DQN (replay, target, double-Q): cheatsheet

The three patches, mapped to the three triad legs

Triad leg	Patch	What it does
OP (off-policy data)	Replay buffer	Sample uniformly from `D` (~1M past transitions); decorrelates consecutive frames, approximates i.i.d.
BS (bootstrapping)	Target network `Q_{θ⁻}`	Frozen copy of `Q_θ`, refreshed every `C` steps; target stops chasing itself
`max` overestimation bias (related)	Double Q-learning	Online net picks action `a* = argmax_{a'} Q_θ(s', a')`; target net evaluates `Q_{θ⁻}(s', a*)`
FA (function approximation)	(no patch: the whole point of deep RL)	Other two patches make FA safe

The DQN loss (with double DQN target)

L(θ) = E_{(s,a,r,s') ~ D} [ ( y  -  Q_θ(s, a) )² ]
y    = r + γ · (1 - done) · Q_{θ⁻}(s', argmax_{a'} Q_θ(s', a'))

Original DQN target (without double Q):

y_original = r + γ · max_{a'} Q_{θ⁻}(s', a')

The difference: original uses θ⁻ for both selection and evaluation; double DQN uses θ (online) for selection, θ⁻ (target) for evaluation. Decoupling kills the overestimation.

Max overestimation bias numerics (E[max of n iid N(0,1)])

n actions	E[max]	Closed form
2	0.5642	`1/√π`
3	0.8463	`3/(2√π)`
4	1.0294	numerical
10	1.5388	numerical
18 (Atari max)	~1.82	numerical

Bias grows roughly as √(2 ln n) for large n (the asymptotic always lies above the true value for finite n; convergence is from above). With true Q = 0 and unit-variance noise, single-net max returns 0.85 (n=3) or ~1.82 (n=18) in expectation. Double-Q with independent noise drops the bias to zero. With a lagged target network the noise is correlated, so the drop is partial but still material.
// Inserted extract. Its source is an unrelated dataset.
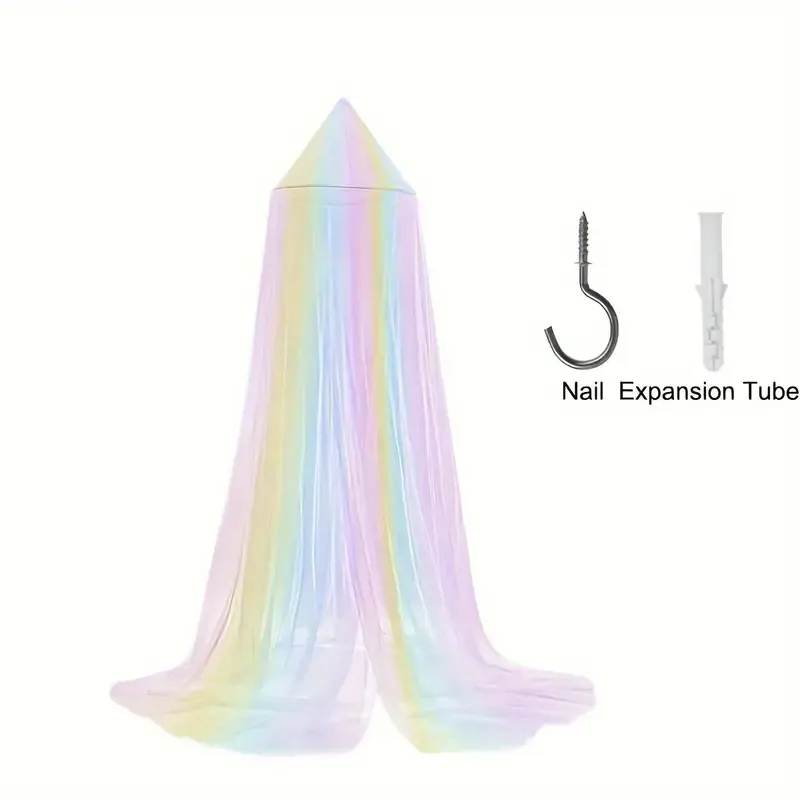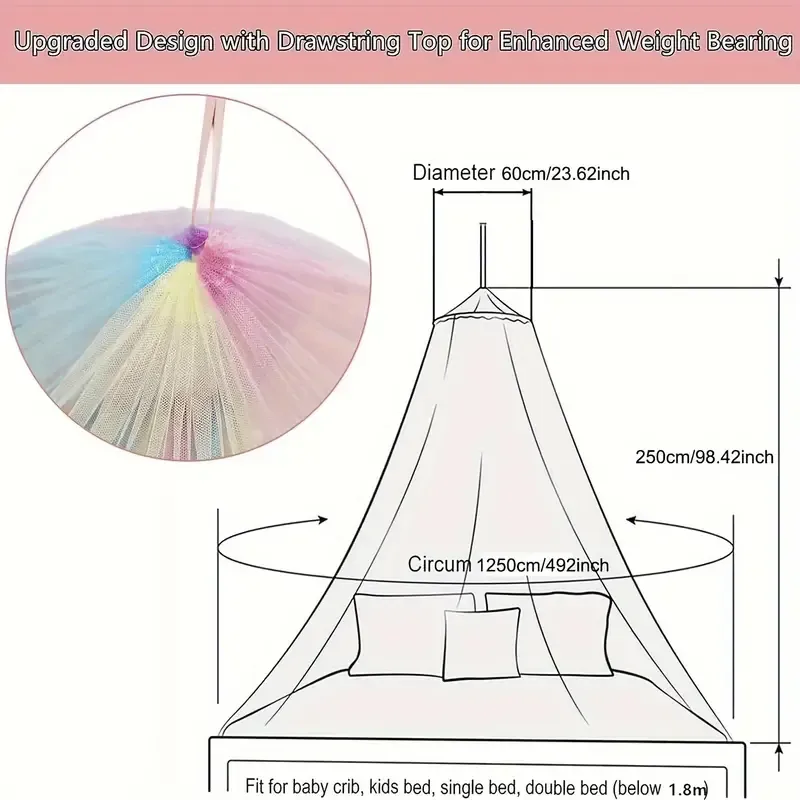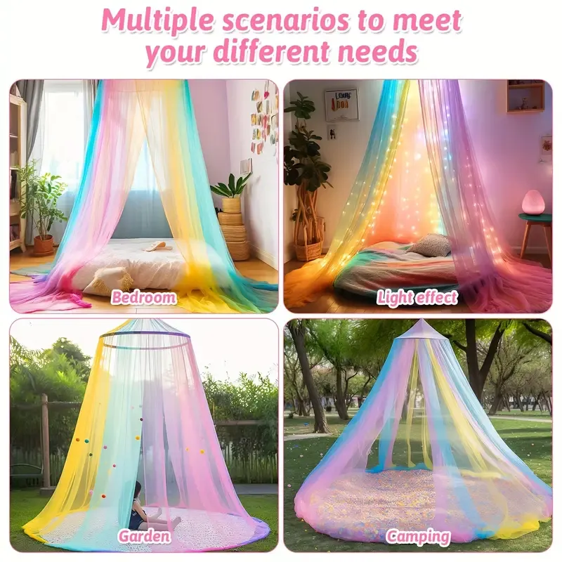 🔥LAST DAY BIG SALE 50%🔥Whimsical Rainbow Bed Canopy - Colorful Princess Fairy Tent with Pink Dome, Unicorn Themed Party Decoration, Cozy Reading Corner, Soft Mesh Netting, Easy Assembly, and Portable DesignLights

DQN 2015 hyperparameters (canonical reference)

Hyperparameter	Value
Replay buffer size	1,000,000 transitions
Mini-batch size	32
Target update period `C`	10,000 steps
Discount `γ`	0.99
Optimizer	RMSProp
ε schedule	1.0 → 0.1 linear over first 1M frames
Frame stack	4
Action repeat	4
Reward clipping	`[-1, +1]`
Training frames per game	50,000,000

49 Atari games. Single architecture. No per-game tuning.

DQN training loop (skeleton)

Initialize: Q_θ random; Q_{θ⁻} ← Q_θ; D empty
For each step:
  Observe s
  a ← ε-greedy on Q_θ(s, ·)
  s', r, done ← env.step(a)
  D.push(s, a, r, s', done)
  Sample mini-batch B from D
  Compute y_i for each transition (double DQN target)
  Loss = mean((Q_θ(s_i, a_i) - y_i)^2)
  Gradient step on θ
  Every C steps: θ⁻ ← θ

Refinement	What it adds	Reference
Double DQN	Decouple selection / evaluation	van Hasselt 2016
Prioritized replay	Sample high-TD-error transitions more often	Schaul 2016
Dueling networks	Architectural split into V(s) + A(s,a)	Wang 2016
Multi-step returns	n-step TD lowers bias at the cost of variance	Sutton & Barto ch 7
Distributional Q (C51, IQN)	Predict full reward distribution, not just mean	Bellemare 2017
Noisy nets	Parametric exploration in network weights	Fortunato 2018
Rainbow	All six combined	Hessel 2018

Common pitfalls

Skipping the target network and expecting DQN to converge. It will diverge.
C too small. The target needs to stay fixed long enough to provide a stable regression objective.
Confusing “double Q-learning” (NeurIPS 2010, two independent online nets) with “double DQN” (AAAI 2016, reuse the target net).
Assuming max bias is small. With 18 Atari actions, the bias is ~1.82 std-devs of estimator noise (matches the table above + lesson + summary).
Transferring DQN’s exact hyperparameters to continuous control. DDPG and SAC use smaller buffers and Polyak target updates instead.

What you should remember

DQN = Q-learning + (replay + target net + double Q). Each piece patches a specific triad-related problem.
Max overestimation bias has a clean closed form for the iid-Gaussian case: E[max of n iid N(0,1)]. Use it to ground intuition.
DQN was the existence proof: 49 Atari games, one architecture, professional-human-level median.
FA is the leg you cannot patch; the other patches make it safe.
For continuous control or RLHF, the off-policy mindset transfers but the specific DQN engineering does not.